The objective response rate (ORR) was 31.5% for the triplet and 28.3% for the doublet, compared to 1.0% for fulvestrant monotherapy. The median duration of response for the triplet was 17.5 months (95% CI, 8.8-NE). Interim overall survival (OS) data showed a positive trend favoring the gedatolisib combinations, with an adjusted hazard ratio of 0.69 (95% CI, 0.43-1.12; P = .1328) for the triplet and 0.74 (95% CI, 0.46-1.19; P = .2122) for the doublet.

Trial details

VIKTORIA-1 is an open-label, randomized phase 3 trial that enrolled adults with histologically or cytologically confirmed metastatic or locally advanced breast cancer. Eligible patients had documented estrogen receptor–positive and HER2-negative disease. Participants were required to have experienced radiological disease progression on or after a prior CDK4/6 inhibitor combined with a non-steroidal aromatase inhibitor.

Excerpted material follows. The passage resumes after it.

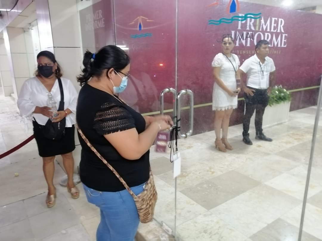 Representantes de los medios de comunicación que fueron a cubrir el primer informe de resultados de Yensunni Martínez, presidenta municipal de Othón P. Blanco, fueron recibidos con las puertas cerradas, al sorprenderse de que les negaron el acceso al área del recinto.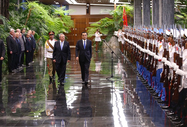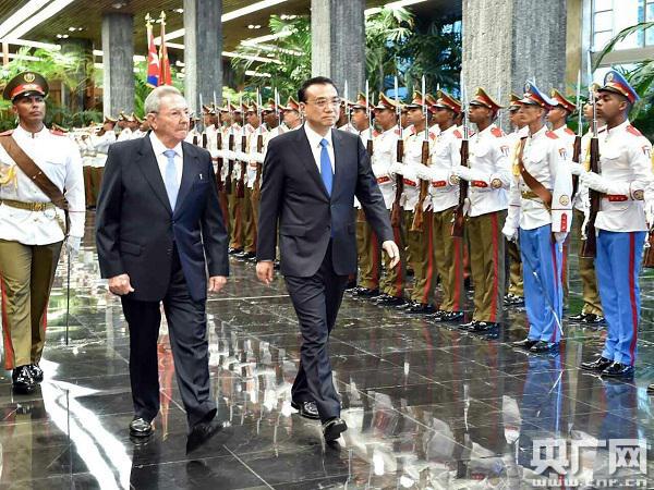勞爾·卡斯特羅主持儀式歡迎李克強(qiáng)到訪

A total of 392 patients with PIK3CA wild-type disease were randomly assigned 1:1:1 to receive one of three regimens:

• Arm A (Triplet): Intravenous gedatolisib 180 mg on days 1, 8, and 15 of a 28-day cycle; oral palbociclib 125 mg daily (3 weeks on, 1 week off); and intramuscular fulvestrant 500 mg.
• Arm B (Doublet): Gedatolisib 180 mg on the same weekly schedule and fulvestrant 500 mg.
• Arm C (Control): Fulvestrant 500 mg monotherapy.

The co-primary end points were PFS as assessed by blinded independent central review. Secondary end points included OS, ORR, duration of response, and safety. Subgroup analyses indicated the triplet may offer higher clinical benefit in pre/perimenopausal patients and those with visceral metastases.

Safety

The safety profiles for the gedatolisib regimens were reported as manageable and consistent with the known profiles of the individual agents. Stomatitis was the most frequently reported adverse event; however, most cases were low-grade and manageable with prophylactic measures. Grade 3 stomatitis occurred in 69.2% of the triplet arm and 56.9% of the doublet arm.

Notably, gedatolisib did not cause clinically relevant hyperglycemia, a common concern with other PI3K pathway inhibitors. Any-grade hyperglycemia occurred in 9.2% of patients in the triplet arm and 11.5% in the doublet arm. Other observed grade 3 events included rash (27.7% triplet; 32.3% doublet) and diarrhea (16.9% triplet; 12.3% doublet).

References

1. Celcuity announces FDA acceptance of new drug application for gedatolisib in HR+/HER2-/PIK3CA wild-type advanced breast cancer. News release. Celcuity. January 20, 2026. Accessed January 20, 2026. https://tinyurl.com/537dthfv
2. Pistilli B, Layman RM, Curigliano G, et al. Gedatolisib, a multitarget PI3K/AKT/mTOR inhibitor, plus fulvestrant with or without palbociclib for second-line treatment of patients with HR+/HER2-/PIK3CA-WT advanced breast cancer: updated results from the randomized, phase 3 VIKTORIA-1 trial. Presented at: 2025 San Antonio Breast Cancer Symposium; December 9-12, 2025; San Antonio, TX. Abstract R47-04.
3. Hurvitz SA, Layman RM, Curigliano G, et al. Gedatolisib plus fulvestrant, with and without palbociclib, vs fulvestrant in patients with HR+/HER2-/PIK3CA wild-type advanced breast cancer: first results from VIKTORIA-1. Presented at: 2025 ESMO Annual Congress; October 17-21, 2025; Berlin, Germany. Abstract LBA17.